Data extracted from a collection
== Segment start ==

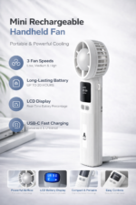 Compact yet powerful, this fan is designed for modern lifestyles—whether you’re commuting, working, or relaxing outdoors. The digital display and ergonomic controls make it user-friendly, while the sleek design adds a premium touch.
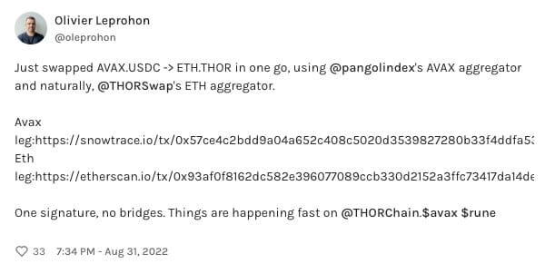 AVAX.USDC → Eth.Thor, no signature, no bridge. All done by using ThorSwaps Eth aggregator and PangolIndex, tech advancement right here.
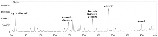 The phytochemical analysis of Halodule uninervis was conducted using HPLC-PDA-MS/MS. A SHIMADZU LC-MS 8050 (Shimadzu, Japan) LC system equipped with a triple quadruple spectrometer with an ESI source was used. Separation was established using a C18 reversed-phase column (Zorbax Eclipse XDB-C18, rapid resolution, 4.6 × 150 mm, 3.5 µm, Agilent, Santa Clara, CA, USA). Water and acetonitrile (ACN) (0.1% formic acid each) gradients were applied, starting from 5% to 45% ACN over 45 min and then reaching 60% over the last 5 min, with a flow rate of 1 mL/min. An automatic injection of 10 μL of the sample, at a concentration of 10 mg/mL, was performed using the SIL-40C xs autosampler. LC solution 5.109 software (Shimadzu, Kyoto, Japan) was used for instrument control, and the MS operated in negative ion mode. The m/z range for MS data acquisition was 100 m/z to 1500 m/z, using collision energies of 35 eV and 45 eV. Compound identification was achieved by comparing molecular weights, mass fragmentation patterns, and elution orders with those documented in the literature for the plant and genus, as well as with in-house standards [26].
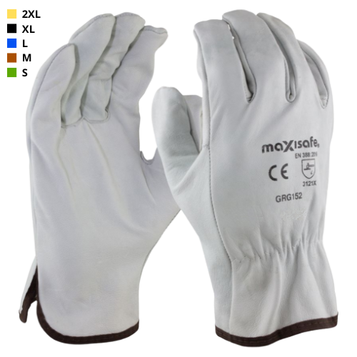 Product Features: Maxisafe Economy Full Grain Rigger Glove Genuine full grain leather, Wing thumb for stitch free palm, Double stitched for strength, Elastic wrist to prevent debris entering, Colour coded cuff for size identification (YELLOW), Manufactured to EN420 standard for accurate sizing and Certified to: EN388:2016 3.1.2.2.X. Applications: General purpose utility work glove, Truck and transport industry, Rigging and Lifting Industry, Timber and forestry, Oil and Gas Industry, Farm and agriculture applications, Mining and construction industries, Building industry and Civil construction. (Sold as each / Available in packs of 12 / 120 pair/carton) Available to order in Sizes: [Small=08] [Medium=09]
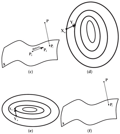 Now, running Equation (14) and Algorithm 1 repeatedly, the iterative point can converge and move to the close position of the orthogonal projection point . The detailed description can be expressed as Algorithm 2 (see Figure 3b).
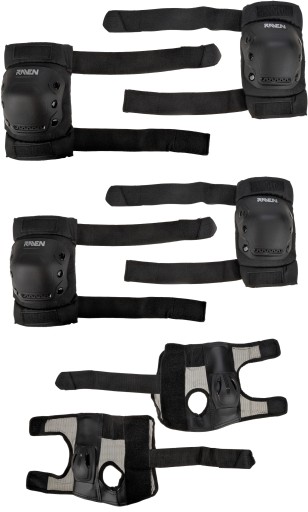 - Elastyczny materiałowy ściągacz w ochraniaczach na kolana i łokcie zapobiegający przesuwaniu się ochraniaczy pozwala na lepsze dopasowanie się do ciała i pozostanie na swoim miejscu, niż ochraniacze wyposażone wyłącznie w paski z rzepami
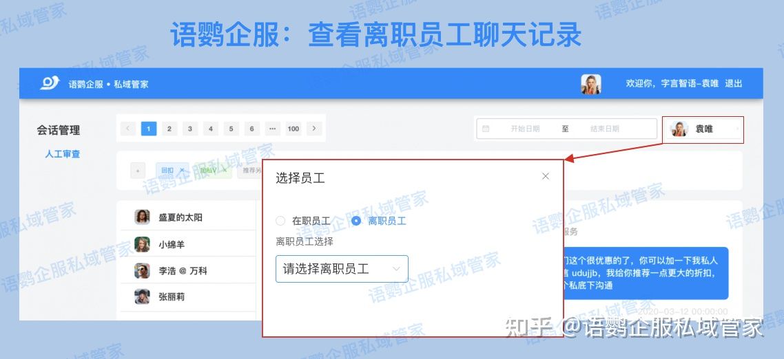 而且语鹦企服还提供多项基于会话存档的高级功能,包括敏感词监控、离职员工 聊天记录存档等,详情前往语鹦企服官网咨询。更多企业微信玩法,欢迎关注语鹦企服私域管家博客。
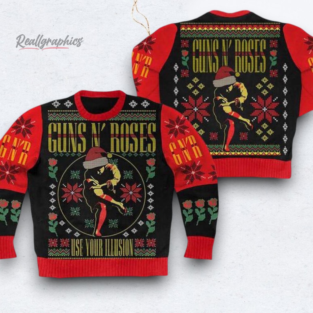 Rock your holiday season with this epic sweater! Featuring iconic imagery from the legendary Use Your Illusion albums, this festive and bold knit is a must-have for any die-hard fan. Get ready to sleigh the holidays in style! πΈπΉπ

== Segment end ==

Assigned task: Repeat all of the entries above exactly. Keep pictures out of it.

Exercise answer:
 Compact yet powerful, this fan is designed for modern lifestyles—whether you’re commuting, working, or relaxing outdoors. The digital display and ergonomic controls make it user-friendly, while the sleek design adds a premium touch.
 AVAX.USDC → Eth.Thor, no signature, no bridge. All done by using ThorSwaps Eth aggregator and PangolIndex, tech advancement right here.
 The phytochemical analysis of Halodule uninervis was conducted using HPLC-PDA-MS/MS. A SHIMADZU LC-MS 8050 (Shimadzu, Japan) LC system equipped with a triple quadruple spectrometer with an ESI source was used. Separation was established using a C18 reversed-phase column (Zorbax Eclipse XDB-C18, rapid resolution, 4.6 × 150 mm, 3.5 µm, Agilent, Santa Clara, CA, USA). Water and acetonitrile (ACN) (0.1% formic acid each) gradients were applied, starting from 5% to 45% ACN over 45 min and then reaching 60% over the last 5 min, with a flow rate of 1 mL/min. An automatic injection of 10 μL of the sample, at a concentration of 10 mg/mL, was performed using the SIL-40C xs autosampler. LC solution 5.109 software (Shimadzu, Kyoto, Japan) was used for instrument control, and the MS operated in negative ion mode. The m/z range for MS data acquisition was 100 m/z to 1500 m/z, using collision energies of 35 eV and 45 eV. Compound identification was achieved by comparing molecular weights, mass fragmentation patterns, and elution orders with those documented in the literature for the plant and genus, as well as with in-house standards [26].
 Product Features: Maxisafe Economy Full Grain Rigger Glove Genuine full grain leather, Wing thumb for stitch free palm, Double stitched for strength, Elastic wrist to prevent debris entering, Colour coded cuff for size identification (YELLOW), Manufactured to EN420 standard for accurate sizing and Certified to: EN388:2016 3.1.2.2.X. Applications: General purpose utility work glove, Truck and transport industry, Rigging and Lifting Industry, Timber and forestry, Oil and Gas Industry, Farm and agriculture applications, Mining and construction industries, Building industry and Civil construction. (Sold as each / Available in packs of 12 / 120 pair/carton) Available to order in Sizes: [Small=08] [Medium=09]
 Now, running Equation (14) and Algorithm 1 repeatedly, the iterative point can converge and move to the close position of the orthogonal projection point . The detailed description can be expressed as Algorithm 2 (see Figure 3b).
 - Elastyczny materiałowy ściągacz w ochraniaczach na kolana i łokcie zapobiegający przesuwaniu się ochraniaczy pozwala na lepsze dopasowanie się do ciała i pozostanie na swoim miejscu, niż ochraniacze wyposażone wyłącznie w paski z rzepami
 而且语鹦企服还提供多项基于会话存档的高级功能,包括敏感词监控、离职员工 聊天记录存档等,详情前往语鹦企服官网咨询。更多企业微信玩法,欢迎关注语鹦企服私域管家博客。
 Rock your holiday season with this epic sweater! Featuring iconic imagery from the legendary Use Your Illusion albums, this festive and bold knit is a must-have for any die-hard fan. Get ready to sleigh the holidays in style! πΈπΉπ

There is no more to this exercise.